Performance Q&A guide

Couple more answers:

Bubble apps are limited by the number of workflow runs they use. Or is it the number of times a change is made to the database? If a workflow doesn’t modify the database, like if it hides an element on the page, does it not count against the limit?

Yes, we don’t count workflows against the limit that we can run entirely in the web browser, without talking to the Bubble servers. It’s more than just modifying data that requires the servers, though: logging the user in or out, hitting an external API, etc., all need that. Basically, the only things that don’t need the server are actions that work directly with elements on the page.

Is there a performance difference between navigating to another page in the app using a workflow action vs a link element vs a hyperlink in an html element? Like, maybe if it’s a workflow the page can load only what it needs, but if it’s a normal hyperlink the page has to load from scratch? Anything like that?

A link element will be as fast as a hyperlink in an html element. Changing it via a workflow action won’t be faster, but it might be a little slower – we wait to change the page if there are other workflows that haven’t finished saving data.

Can we profile a page to find out which part of the process is causing the biggest delay? For example, this is a page with a repeating group. Some of the elements populate with data right away, but the same element in another cell doesn’t populate. The rest of the data loads eventually.

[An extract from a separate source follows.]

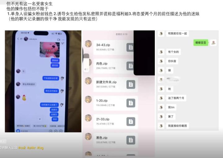 单身人设对女粉骗财骗色,劈腿骗X脚踩n条船,跟每一位前任藕断丝连,携带多种X病,诱导女生发各类私密照并保存威胁女生与其联系,Pua女粉让其当地下恋人致其抑郁自X。

Profiling web pages is a complicated subject – can’t really give a full tutorial here. Google Chrome comes with a lot of powerful tools for seeing how things load… there’s an intro here: Chrome DevTools  |  Chrome for Developers

In the gif you posted, it looks like its the images that’s slowing things down. If you use the network tab of the Chrome dev tools, you can see a) how big each image is, b) when it starts loading, c) how long it takes to load

The constraints on the “do a search for …” will be, show invoices of:

Company = current page company
Status = yes
Someone suggested to use in the company a field of a “list of invoices” but the invoices could be more than 10.000.

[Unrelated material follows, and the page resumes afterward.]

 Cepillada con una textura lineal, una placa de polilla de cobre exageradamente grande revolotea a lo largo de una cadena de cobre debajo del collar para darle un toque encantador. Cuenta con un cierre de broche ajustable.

So what I did is not to load at page load all the invoices, but just 25. The problem is that when the user clicks of see “all invoices” it could take about 3-5 minutes to load them all, right now users have about 300 invoices per company.

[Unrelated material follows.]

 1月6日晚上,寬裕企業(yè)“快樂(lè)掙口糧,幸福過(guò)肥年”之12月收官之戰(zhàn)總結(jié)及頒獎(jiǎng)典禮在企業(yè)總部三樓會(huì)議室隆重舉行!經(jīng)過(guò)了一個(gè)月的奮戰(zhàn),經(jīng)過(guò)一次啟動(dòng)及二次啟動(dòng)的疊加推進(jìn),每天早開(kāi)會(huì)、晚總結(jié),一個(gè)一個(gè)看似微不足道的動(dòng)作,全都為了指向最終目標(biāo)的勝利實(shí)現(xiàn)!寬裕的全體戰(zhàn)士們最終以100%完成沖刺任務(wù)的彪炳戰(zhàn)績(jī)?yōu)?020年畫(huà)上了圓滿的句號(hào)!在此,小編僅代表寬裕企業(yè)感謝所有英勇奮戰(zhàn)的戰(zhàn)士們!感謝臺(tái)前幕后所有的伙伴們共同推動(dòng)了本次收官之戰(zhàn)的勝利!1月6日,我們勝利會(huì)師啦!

So what you’re doing is a good way of structuring it – if you have that many invoices per company, it’s better to have a “Company” field on each invoice which you filter on… that’s generally pretty efficient. And then only displaying the first few invoices in a repeating group. For “see all invoices”, rather than try to display 300 things on a page (which is going to be a little slow no matter what tool you use), I’d suggest trying to use a repeating group in infinite scroll mode, so the user can just keep scrolling down til they find the one they want. Or, maybe provide them with better search tools to narrow the list down.